#### WHAT IS BEING ASKED
Print exactly the line that contains "The weekly chart", then every following line through the end of the material; include nothing else and no pictures.

[SOURCE MATERIAL Boundary: Start]

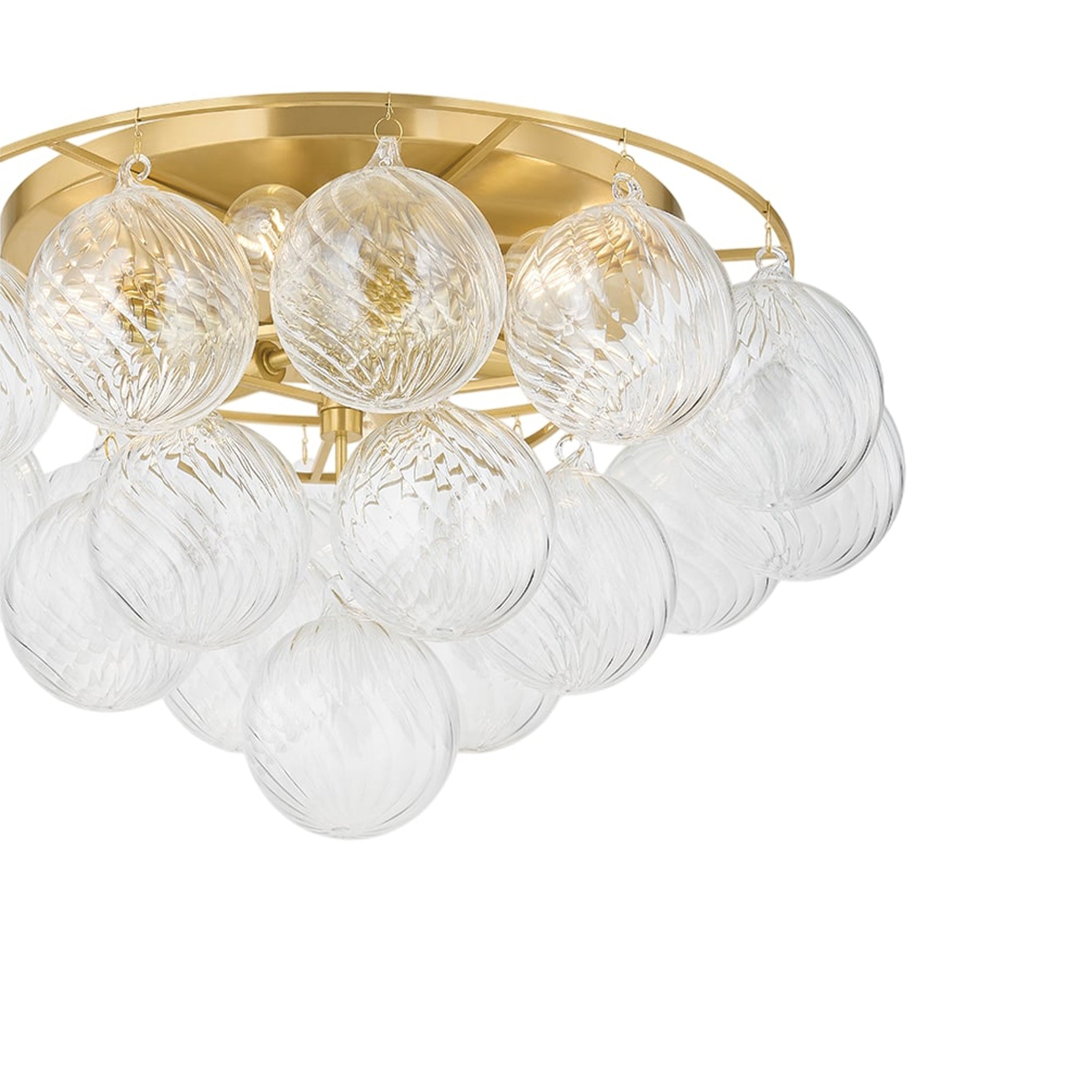 Swirl-ribbed or plated champagne glass globes dangle from an Aged Brass frame, creating this cloud-like showstopper. Whether you're dressing up a breakfast nook with the small chandelier, adding a soft glow to an entryway with the flush mount, or making a glam statement in your dining room with the large chandelier, the possibilities for Mimi are endless. Megan Molten for Mitzi Lighting.
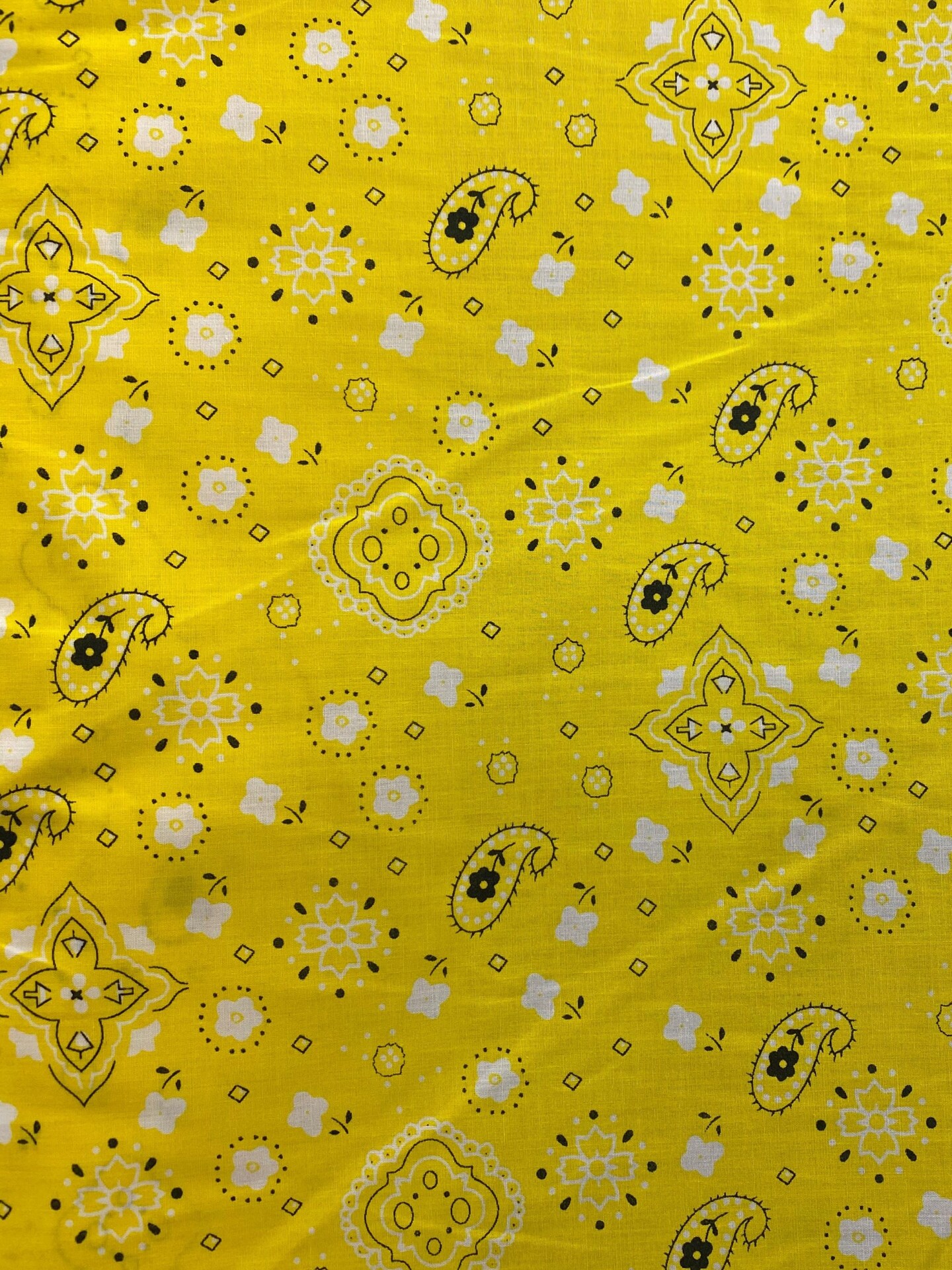 1 Yard Yellow Paisley Print Poly Cotton Blend Bandanna Fabric 59/60 Inch Wide
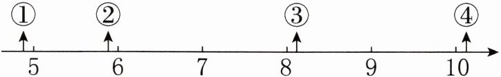 D 【解析】算式①的结果比5.1大,图中位置比5小,故不正确;算式②的结果比6.1大,图中的位置比6小,故不正确;算式③的结果比8.5大,图中位置比8.5小,故不正确;算式④的结果略大于10,图中位置也略大于10,故正确。
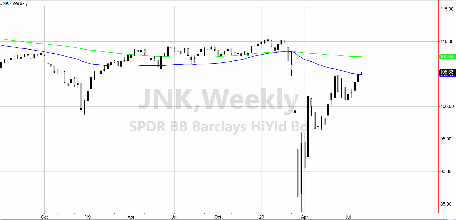 The weekly chart of JNK shows it cleared the 50-week moving average (blue).
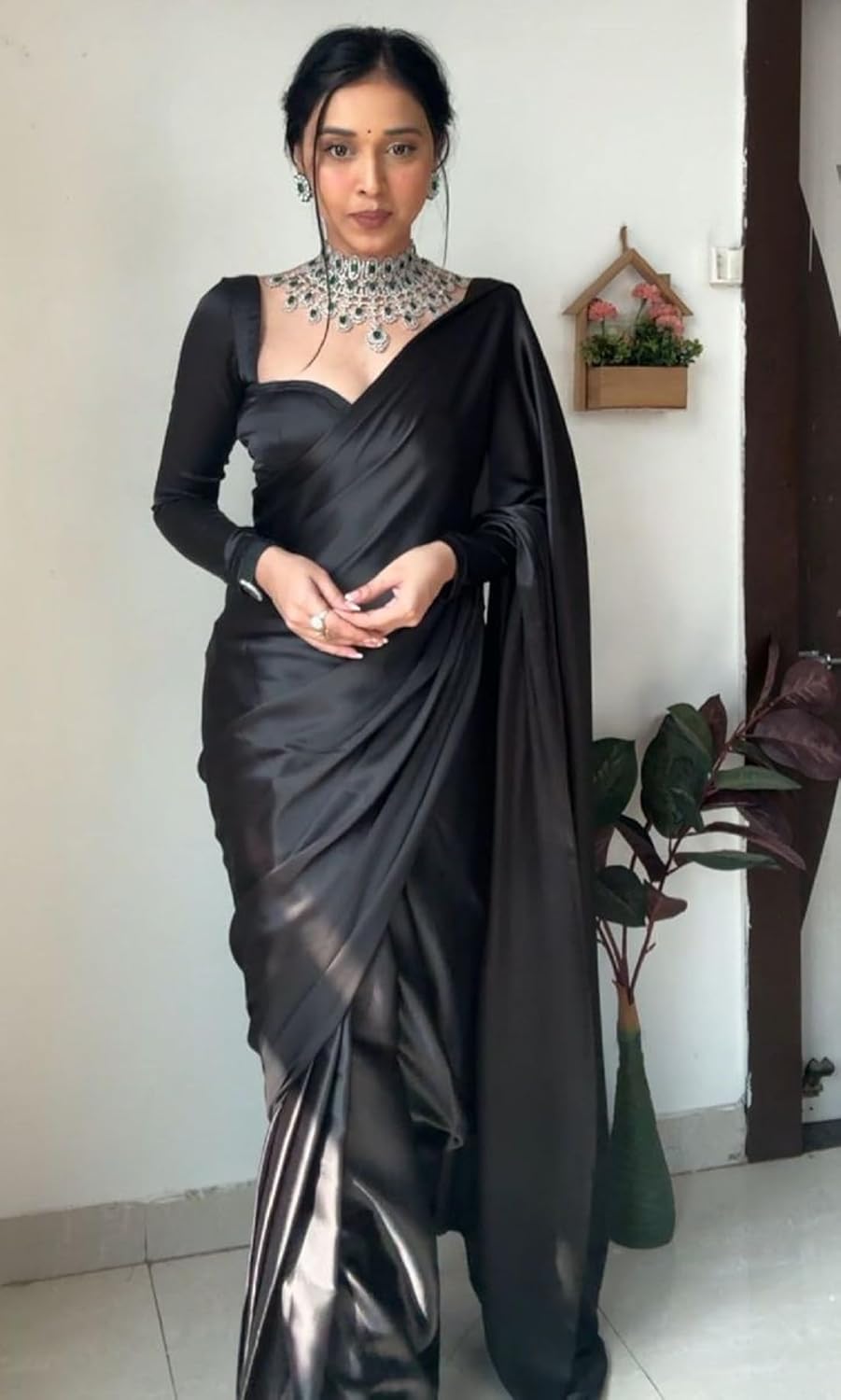 SHOPAZ Women’s Ready to Wear Plain Black Satin Silk 1 Minute Pre Pleated Saree With Black Unstitched Blouse
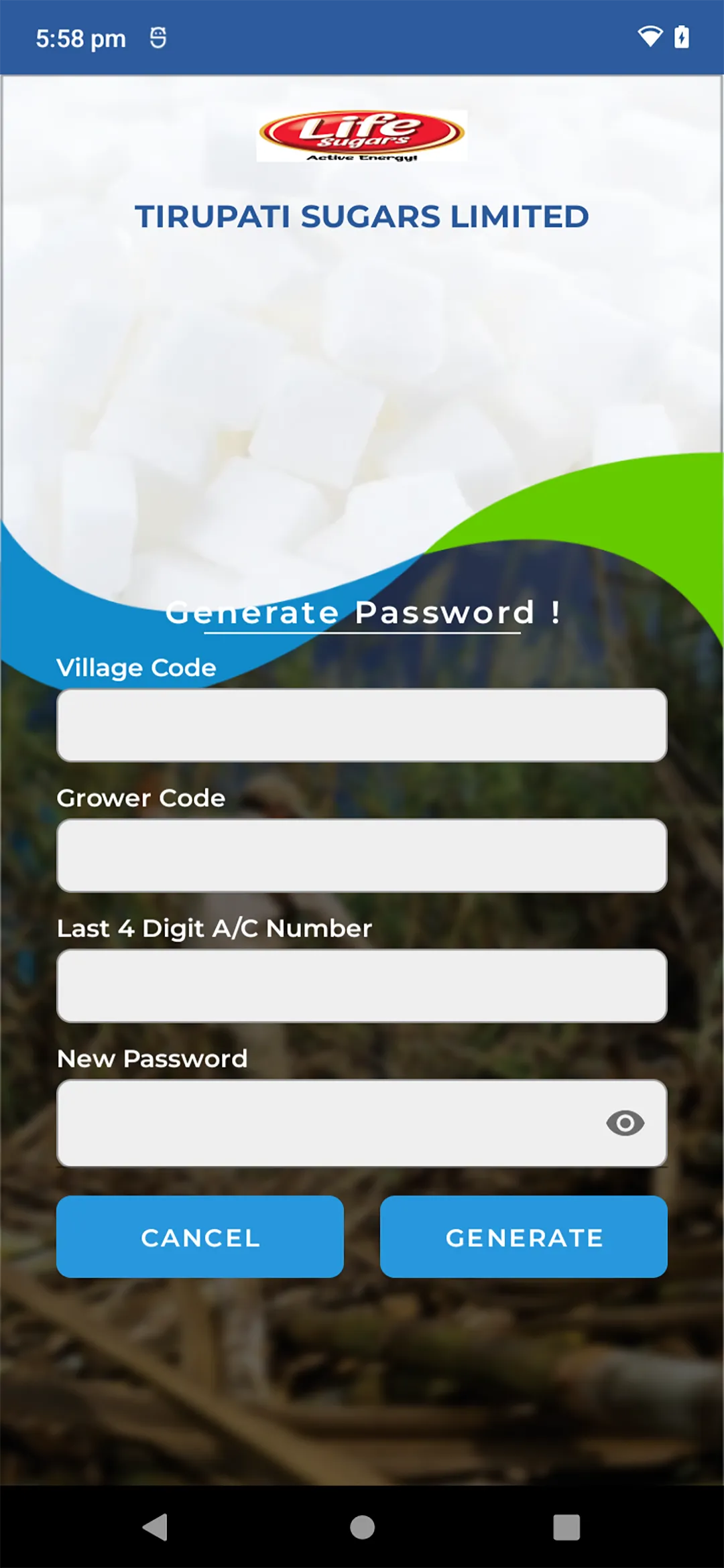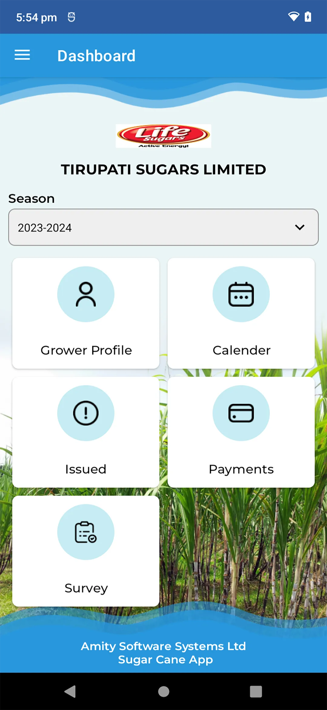 The Tirupati Sugars Kisaan app is designed for the Tirupati Sugars Mill. All registered farmers of this sugar mill can view current and previous year information related to the sugarcane survey, calendaring, indenting, and payment details using their village and grower code along with their password. In the case of supervisor login, they can view sugar mill crushing details, along with farmer's sugarcane survey, calendaring, indenting, and payment details using the village and grower code. Supe...

[SOURCE MATERIAL Boundary: End]

#### THE COMPLETED TASK
 The weekly chart of JNK shows it cleared the 50-week moving average (blue).
 SHOPAZ Women’s Ready to Wear Plain Black Satin Silk 1 Minute Pre Pleated Saree With Black Unstitched Blouse
 The Tirupati Sugars Kisaan app is designed for the Tirupati Sugars Mill. All registered farmers of this sugar mill can view current and previous year information related to the sugarcane survey, calendaring, indenting, and payment details using their village and grower code along with their password. In the case of supervisor login, they can view sugar mill crushing details, along with farmer's sugarcane survey, calendaring, indenting, and payment details using the village and grower code. Supe...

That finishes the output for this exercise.